8. Evitare i souvenir
I souvenir che si trovano in giro per Barcellona sono buoni per far vedere a chi viene trovarvi che ci siete stati, ma non hanno niente di Barcellonese e sono più tamarri di un trapper che esce dalla Lamborghini con la tuta di Gucci. Nella scala delle fregature sono secondi solo a quelli venduti negli aeroporti, dove si trovano a prezzi ancora più gonfiati, a beneficio di chi si è dimenticato il regalo per il cugino del cugino che non vede dal funerale della nonna.
Un esempio classico sono i souvenir a tema Sagrada Familia riprodotta in tutti i modi: soprammobili, piatti decorativi e le immancabili calamite da attaccare al frigorifero. Tutto rigorosamente made in China, alla faccia del ricordo di Barcellona.

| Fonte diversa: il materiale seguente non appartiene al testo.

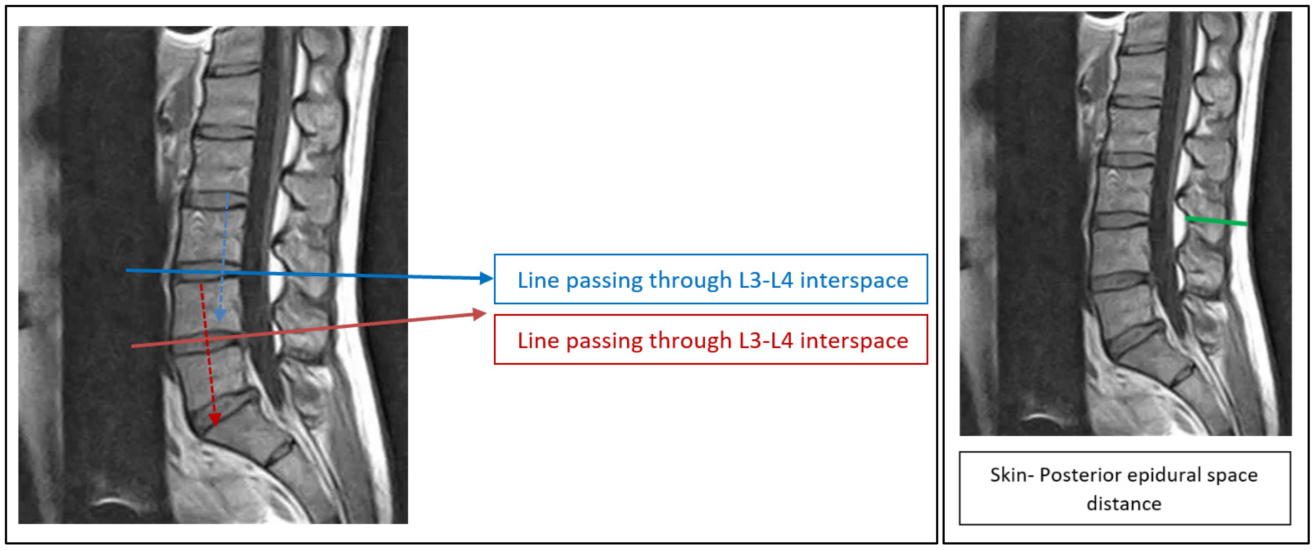 - Wani, T.; Dabaliz, A.; Kadah, K.; Veneziano, G.; Tumin, D.; Tobias, J. Comparison of the skin-to-epidural space distance at the thoracic and lumbar levels in children using magnetic resonance imaging. Saudi J. Anaesth. 2020, 14, 493–497. [Google Scholar] [CrossRef] [PubMed]

Il consiglio è quindi di evitare di spendere soldi per questi souvenir banali e di puntare invece su qualcosa di più personale e memorabile. Una foto scattata con lo sfondo della Sagrada Familia, possibilmente con orientamente orizzontale, visto che gli occhi sono uno a fianco all’altro e non uno sopra all’altro come l’epoca dei social tenderebbe a far pensare.
Se proprio volete un souvenir originale, date un’occhiata ai negozi di artigianato locale o alle botteghe di quartieri come Gràcia, dove si trovano prodotti fatti a mano e design autentici.
Consiglio bonus: Lasciate lo smartphone in hotel
Sì, questo è davvero il consiglio più originale, e quello che probabilmente non seguirete mai, dipendenti come siete dagli algoritmi che vi tengono incollati alle app senza accorgervi della vostra tossicodipendenza digitale.
Non dite che non ci siete passati: fate una foto, la pubblicate sui social per dire al mondo che siete a Barcellona senza dire che siete a Barcellona, passate il successivo tempo della giornata a leggere cosa scrivono i vostri contatti e a rispondere. In tal dimezzate di fatto la vostra visita in città perché il resto del tempo lo passate indirettamente o direttamente sui social.
Se volete godervi Barcellona davvero, vivetela e basta. Lasciate perdere i “mi piace” sotto le vostre foto e tutto lo stress che vi genera aspettarli compulsivamente, drogati dall’algoritmo con cui si genera il vostro feed.
Barcellona offre una marea di esperienze uniche — dalle passeggiate lungo la Rambla, alle spiagge, ai mercati storici come il Mercato de la Boqueria. Prendetevi il tempo di assaporare ogni momento e almeno tre giorni all’anno mettete in pausa i social.